Daher sollte der Rosenkohl nur kurz gegart werden. Für den typischen Geruch und Kohlgeschmack sind Schwefelverbindungen verantwortlich. Sie gehören zu den sekundären Pflanzenstoffen und heißen Glucosinolate. Sie wirken appetitanregend sowie krebsvorbeugend und antimikrobiell. Bei schwerwiegenden Magen-Darm-Erkrankungen ist der Rosenkohl sicherlich nicht geeignet, denn der hohe Ballaststoffgehalt (4.4 g/100 g) macht den Rosenkohl schwerer verdaulich. Um Blähungen zu verringern wird er deshalb gerne mit Kümmel, Fenchel, Wacholder oder Anis gewürzt.

Einkauf: Nicht immer wird der Rosenkohl lose angeboten, sondern häufig in Netzen zu 500 g. Da sollte man schon genauer ins Netz hinein sehen, was sich dahinter verbirgt. Die Röschen sollten möglichst fest und knackig sein und dicht geschlossene Blätter haben. Sie sollten grün leuchten und keine gelben Blätter aufweisen. Zuhause ist er nicht so lange lagerbar wie die restlichen Verwandten der Kohlfamilie, denn die zarten grünen Blätter werden rasch welk, werden schlaff und öffnen sich.

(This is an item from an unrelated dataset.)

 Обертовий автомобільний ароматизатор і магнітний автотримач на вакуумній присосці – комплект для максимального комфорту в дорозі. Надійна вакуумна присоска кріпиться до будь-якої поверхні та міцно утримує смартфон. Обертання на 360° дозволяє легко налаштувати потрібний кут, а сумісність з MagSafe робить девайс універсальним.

Etwa 3 Tage hält er sich im Gemüsefach des Kühlschrankes, am besten in einem Kunststoffbeutel oder -gefäß. Mit Strunk und bei geringen Minusgraden hält er sogar bis zu 10 Wochen. Er lässt sich auch sehr gut tiefgefrieren.

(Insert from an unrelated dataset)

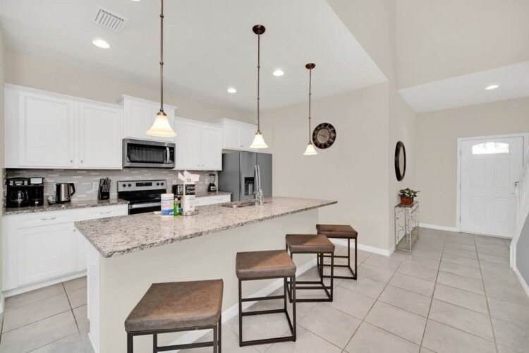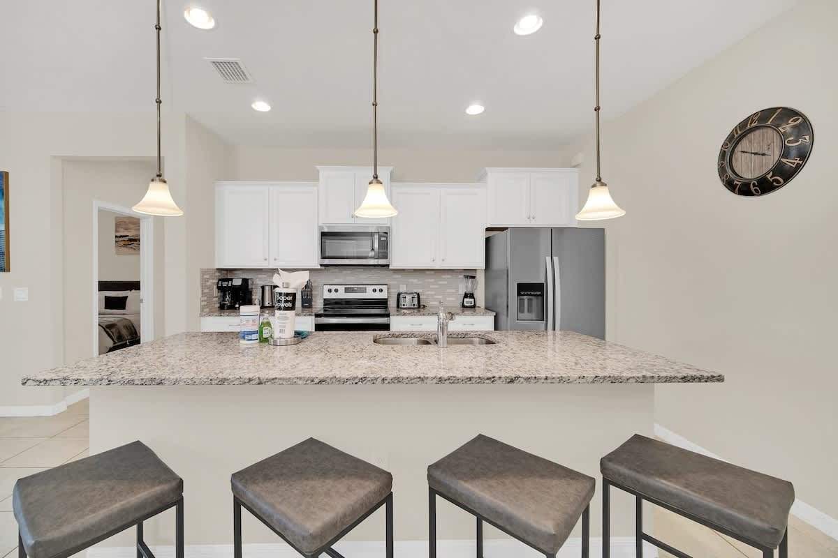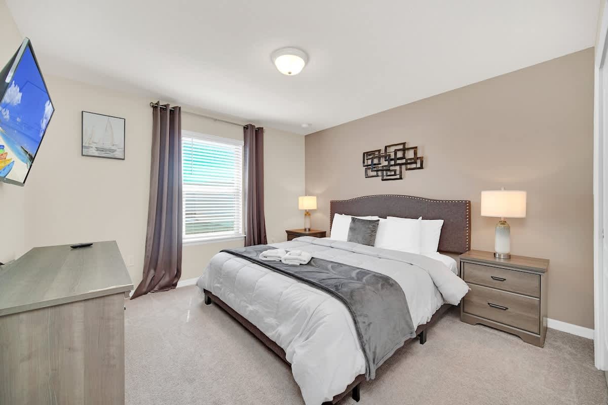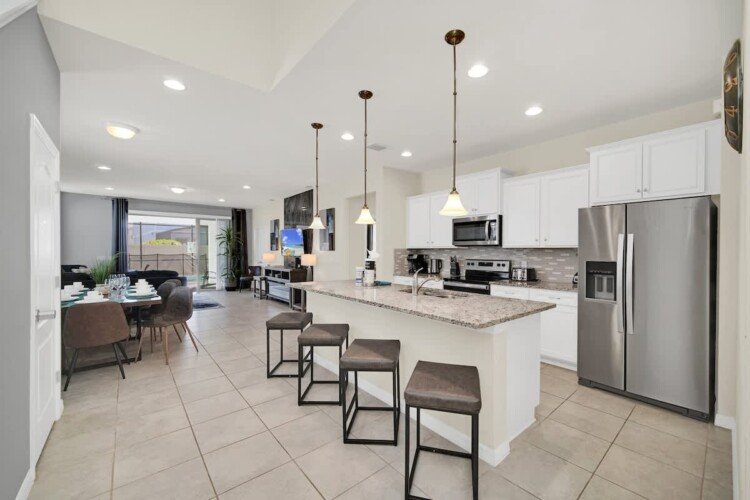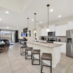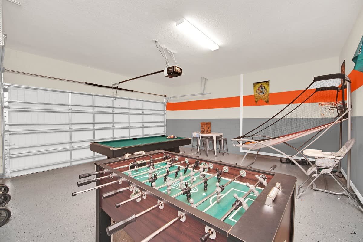 Welcome to our exquisite 7-bedroom villa nestled in the prestigious Windsor at Westside Resort! Ideal for large families or groups, this luxurious home boasts a private pool, expansive living room, and a fully equipped kitchen. Revel in the fun of the in-house game room with a pool table, and stay comfortable with air conditioning. A maximum of four vehicles is permitted for this property. The nearby clubhouse offers a resort-style pool with a waterslide, a lazy river, a fitness center, volleyba

Dafür sollten die Röschen je nach Größe 3-5 Minuten blanchiert werden. Gut verpackt - wegen dem intensiven Geruch - hält sich der tiefgefrorene Rosenkohl etwa 1 Jahr.

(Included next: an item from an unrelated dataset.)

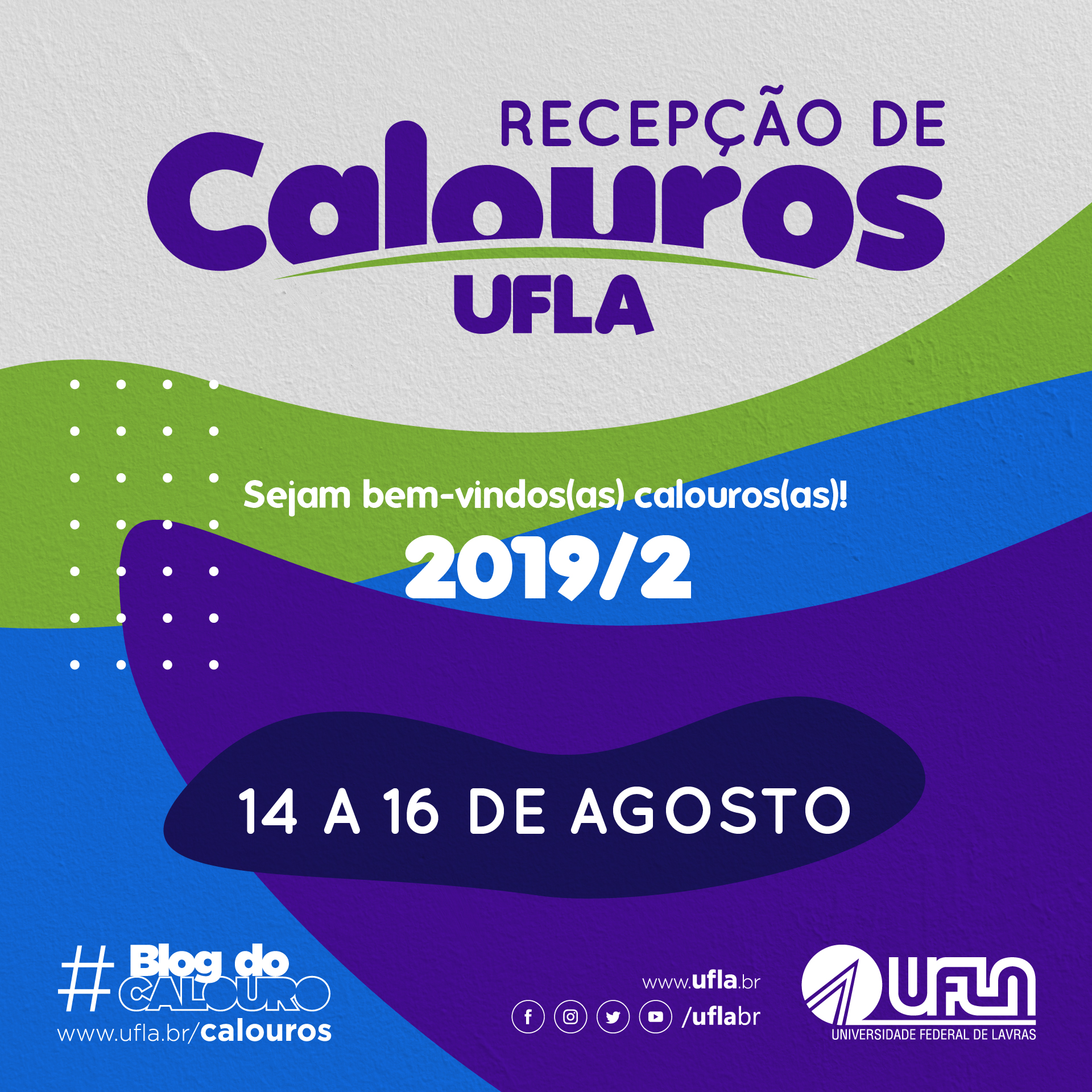 A Universidade Federal de Lavras (UFLA) realiza entre os dias 14 e 16/8 a recepção dos calouros 2019/2. As atividades promovidas pela Pró-reitoria de Graduação (PRG) buscam integrar os novos estudantes e apresentar as estruturas dos cursos e da Universidade.

Zubereitung: Wenn der Kohlgeruch stört, kann man Rosenkohl mit altem Brot oder Walnüssen zubereiten. Aber ganz wird der Geruch nicht verschwinden, denn er gehört einfach zu diesem Gemüse dazu. Für die Zubereitung ist es wichtig, zuerst den eingetrockneten Strunk etwas abzuschneiden und welke Blätter zu entfernen. Dann die Röschen kurz waschen und abtropfen lassen. Um die Garzeit zu verkürzen und ein gleichmäßiges Garen zu gewährleisten, sollten die Strünke unten kreuzweise eingeschnitten werden. Die Garzeit sollte nur kurz dauern, je nach Größe 8 bis 12 Minuten, da die Röschen schnell zerfallen und Aroma und Inhaltsstoffe verlieren. Also eher zu fest - mit Biss - als zu weich garen. TK-Rosenkohl benötigt sogar nur eine Garzeit von ca. 5 Minuten.